A paraprosdokian is a figure of speech in which the latter part of a sentence or phrase is surprising or unexpected in a way that causes the reader or listener to reframe or reinterpret the first part. It is frequently used for humorous or dramatic effect.
Ø I asked God for a bike, but I know God doesn’t work that way. So I stole a bike and asked for forgiveness.
Ø Do not argue with an idiot. He will drag you down to his level and beat you with experience.
Ø I want to die peacefully in my sleep, like my grandfather. Not screaming in terror like the passengers in his car.
Ø Going to church doesn't make you a Christian any more than standing in a garage makes you a car.
Ø The last thing I want to do is hurt you. But it's still on the list.
Ø Light travels faster than sound. This is why some people appear bright until you hear them speak.
Ø If I agreed with you, we'd both be wrong.
Ø We never really grow up; we only learn how to act in public.
Ø War does not determine who is right -- only who is left.
Ø Knowledge is knowing a tomato is a fruit; Wisdom is not putting it in a fruit salad.
Ø The early bird might get the worm, but the second mouse gets the cheese.
Ø Evening news is where they begin with 'Good Evening,' and then proceed to tell you why it isn't.
Ø To steal ideas from one person is plagiarism.

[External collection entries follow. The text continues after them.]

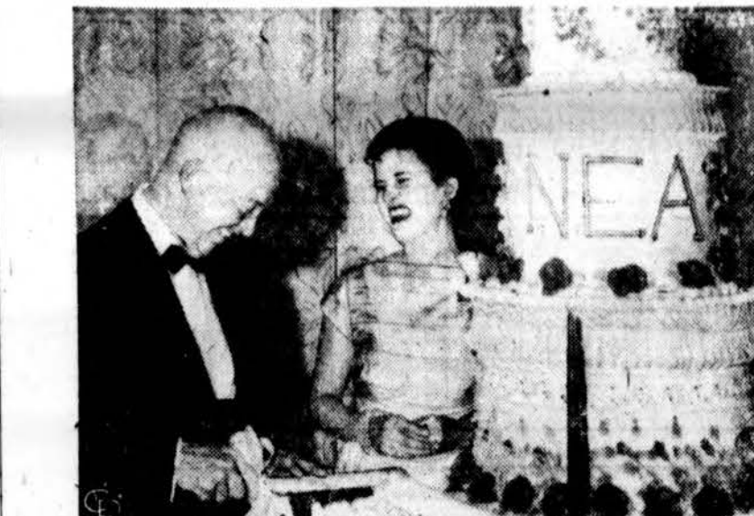
Prez. Eisenhower pjauna tortą National Education draugi- jos 100 m. sukaktuviniame bankete Washington. Šalia stovi tos drau- gijos pirmininkė.
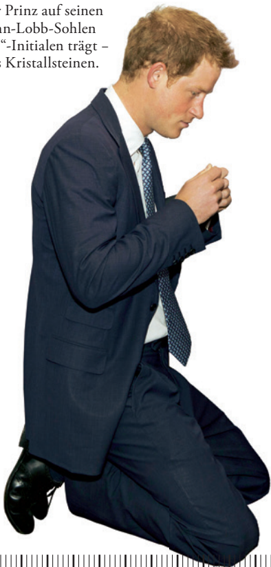
Prinzen wie Harry müssen sich öfter mal irgendwo hinknien. Bei dieser Gelegenheit vor einigen Wochen fiel auf, dass der Prinz auf seinen John-Lobb-Sohlen „H“-Initialen trägt – aus Kristallsteinen.
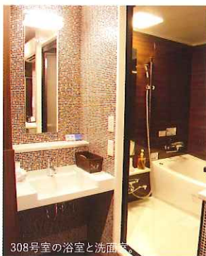
308号室の浴室と洗面台
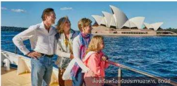
ล่องเรือพร้อมรับประทานอาหาร, ซิดนีย์
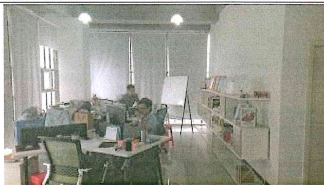
東莞映○貿易有限公司辦公室
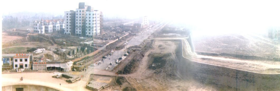
热火朝天的汇龙大道建设全景
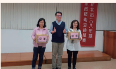
參加新北市家政推廣教育技術交換大會，公民常識測驗獲亞軍
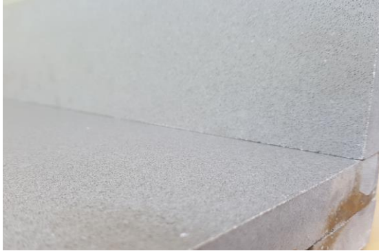
뒷면 사진 (면취 전)

To steal from many is research.
Ø A bus station is where a bus stops. A train station is where a train stops. My desk is a work station.
Ø How is it one careless match can start a forest fire, but it takes a whole box to start a campfire?
Ø Dolphins are so smart, that within a few weeks of captivity they can train people to stand on the edge of the pool and throw them fish.
Ø I thought I wanted a career; turns out I just wanted a paycheck.
Ø A bank is a place that will lend you money if you can prove that you don't need it.
Ø Whenever I fill out an application, in the part that says "In case of an emergency, notify - - -", I put "DOCTOR."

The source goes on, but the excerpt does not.